- DATASET ENTRIES
_____

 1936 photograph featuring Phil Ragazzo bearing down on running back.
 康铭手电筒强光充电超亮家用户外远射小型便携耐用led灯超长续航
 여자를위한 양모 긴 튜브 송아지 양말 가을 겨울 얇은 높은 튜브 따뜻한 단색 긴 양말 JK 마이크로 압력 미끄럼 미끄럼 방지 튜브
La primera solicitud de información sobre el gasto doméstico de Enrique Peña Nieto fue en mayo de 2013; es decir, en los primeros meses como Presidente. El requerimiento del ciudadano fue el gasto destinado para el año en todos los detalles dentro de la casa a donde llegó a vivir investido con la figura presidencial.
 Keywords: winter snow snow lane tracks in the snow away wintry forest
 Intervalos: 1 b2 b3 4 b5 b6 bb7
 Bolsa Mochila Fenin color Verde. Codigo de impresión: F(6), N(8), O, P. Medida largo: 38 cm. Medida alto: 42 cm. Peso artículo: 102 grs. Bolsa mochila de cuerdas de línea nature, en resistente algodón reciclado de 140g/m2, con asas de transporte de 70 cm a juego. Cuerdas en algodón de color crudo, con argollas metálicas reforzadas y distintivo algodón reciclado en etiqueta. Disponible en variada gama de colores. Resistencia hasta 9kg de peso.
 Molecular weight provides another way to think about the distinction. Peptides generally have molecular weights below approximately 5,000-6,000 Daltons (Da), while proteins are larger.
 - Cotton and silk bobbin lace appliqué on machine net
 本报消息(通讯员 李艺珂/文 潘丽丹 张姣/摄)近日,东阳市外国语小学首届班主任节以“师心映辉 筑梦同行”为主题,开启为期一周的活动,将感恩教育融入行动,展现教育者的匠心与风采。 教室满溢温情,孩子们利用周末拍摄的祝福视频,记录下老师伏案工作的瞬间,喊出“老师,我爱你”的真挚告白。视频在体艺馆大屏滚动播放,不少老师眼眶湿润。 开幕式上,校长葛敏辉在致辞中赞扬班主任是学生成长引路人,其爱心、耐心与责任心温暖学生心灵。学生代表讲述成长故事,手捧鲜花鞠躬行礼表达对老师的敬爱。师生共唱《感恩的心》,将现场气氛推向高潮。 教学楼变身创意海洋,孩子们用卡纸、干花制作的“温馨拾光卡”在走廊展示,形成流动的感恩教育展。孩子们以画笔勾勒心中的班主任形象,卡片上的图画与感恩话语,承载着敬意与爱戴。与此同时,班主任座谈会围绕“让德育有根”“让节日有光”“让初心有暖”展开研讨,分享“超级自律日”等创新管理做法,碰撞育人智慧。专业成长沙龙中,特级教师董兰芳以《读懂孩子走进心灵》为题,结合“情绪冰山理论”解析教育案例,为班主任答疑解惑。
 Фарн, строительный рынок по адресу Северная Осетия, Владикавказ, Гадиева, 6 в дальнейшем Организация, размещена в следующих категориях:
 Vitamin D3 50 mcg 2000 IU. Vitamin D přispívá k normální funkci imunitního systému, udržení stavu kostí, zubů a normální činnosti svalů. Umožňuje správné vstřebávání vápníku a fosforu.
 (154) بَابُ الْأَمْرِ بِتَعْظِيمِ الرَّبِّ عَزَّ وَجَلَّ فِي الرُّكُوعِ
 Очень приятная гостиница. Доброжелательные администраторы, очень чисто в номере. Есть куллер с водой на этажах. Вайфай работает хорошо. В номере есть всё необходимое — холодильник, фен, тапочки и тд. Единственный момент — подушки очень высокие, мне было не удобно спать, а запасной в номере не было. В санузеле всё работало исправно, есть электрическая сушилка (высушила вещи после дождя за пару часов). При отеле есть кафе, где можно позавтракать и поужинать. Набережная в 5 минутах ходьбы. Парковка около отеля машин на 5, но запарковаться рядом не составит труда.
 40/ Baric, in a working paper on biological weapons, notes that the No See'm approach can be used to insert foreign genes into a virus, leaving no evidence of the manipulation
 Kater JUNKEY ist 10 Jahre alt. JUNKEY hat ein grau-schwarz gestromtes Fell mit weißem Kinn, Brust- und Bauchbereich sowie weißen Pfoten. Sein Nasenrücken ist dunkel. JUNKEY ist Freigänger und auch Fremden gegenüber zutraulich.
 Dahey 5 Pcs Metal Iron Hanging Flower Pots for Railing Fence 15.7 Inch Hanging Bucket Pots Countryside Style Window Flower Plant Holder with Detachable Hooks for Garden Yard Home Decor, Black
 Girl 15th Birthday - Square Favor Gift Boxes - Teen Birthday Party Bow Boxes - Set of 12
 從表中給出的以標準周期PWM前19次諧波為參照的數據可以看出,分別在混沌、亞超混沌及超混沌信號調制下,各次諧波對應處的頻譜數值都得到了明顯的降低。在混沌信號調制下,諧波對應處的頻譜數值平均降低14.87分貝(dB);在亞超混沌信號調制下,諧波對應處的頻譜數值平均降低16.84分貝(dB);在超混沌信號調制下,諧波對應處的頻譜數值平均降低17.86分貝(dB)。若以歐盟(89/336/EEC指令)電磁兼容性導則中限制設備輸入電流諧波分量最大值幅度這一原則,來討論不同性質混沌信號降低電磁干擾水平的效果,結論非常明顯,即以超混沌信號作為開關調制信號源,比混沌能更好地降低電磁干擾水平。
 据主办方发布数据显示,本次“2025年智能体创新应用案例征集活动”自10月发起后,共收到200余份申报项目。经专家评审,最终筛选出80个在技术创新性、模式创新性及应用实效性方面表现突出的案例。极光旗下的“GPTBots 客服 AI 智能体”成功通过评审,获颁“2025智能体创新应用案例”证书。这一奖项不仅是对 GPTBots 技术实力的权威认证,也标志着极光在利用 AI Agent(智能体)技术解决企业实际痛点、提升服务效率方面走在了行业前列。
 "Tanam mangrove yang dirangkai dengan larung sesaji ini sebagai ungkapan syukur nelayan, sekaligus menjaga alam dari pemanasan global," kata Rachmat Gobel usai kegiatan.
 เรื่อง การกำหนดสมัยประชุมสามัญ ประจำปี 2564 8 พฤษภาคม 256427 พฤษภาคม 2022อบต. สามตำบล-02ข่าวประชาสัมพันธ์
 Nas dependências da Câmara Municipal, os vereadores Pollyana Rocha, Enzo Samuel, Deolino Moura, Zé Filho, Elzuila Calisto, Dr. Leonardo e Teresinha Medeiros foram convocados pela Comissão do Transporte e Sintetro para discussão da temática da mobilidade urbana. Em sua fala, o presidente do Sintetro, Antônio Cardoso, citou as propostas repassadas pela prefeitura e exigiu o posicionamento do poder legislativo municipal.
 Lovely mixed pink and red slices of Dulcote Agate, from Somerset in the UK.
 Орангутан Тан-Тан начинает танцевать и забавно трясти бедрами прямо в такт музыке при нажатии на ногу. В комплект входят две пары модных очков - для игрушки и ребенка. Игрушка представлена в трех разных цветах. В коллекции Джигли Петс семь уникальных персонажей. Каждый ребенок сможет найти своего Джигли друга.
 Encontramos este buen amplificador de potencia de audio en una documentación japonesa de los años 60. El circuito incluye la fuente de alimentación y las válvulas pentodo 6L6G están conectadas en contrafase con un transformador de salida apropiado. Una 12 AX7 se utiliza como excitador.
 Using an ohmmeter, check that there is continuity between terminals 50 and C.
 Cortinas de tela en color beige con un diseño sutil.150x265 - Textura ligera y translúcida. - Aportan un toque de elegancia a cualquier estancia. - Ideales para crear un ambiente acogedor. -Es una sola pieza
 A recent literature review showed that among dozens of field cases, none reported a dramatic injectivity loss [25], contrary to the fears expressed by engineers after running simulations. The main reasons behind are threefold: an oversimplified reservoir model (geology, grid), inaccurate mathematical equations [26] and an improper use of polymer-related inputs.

_____

- REQUIREMENT
Go through the material above line by line and work out how many lines contain the word "running"; give only that number.

- PROBLEM SOLUTION
2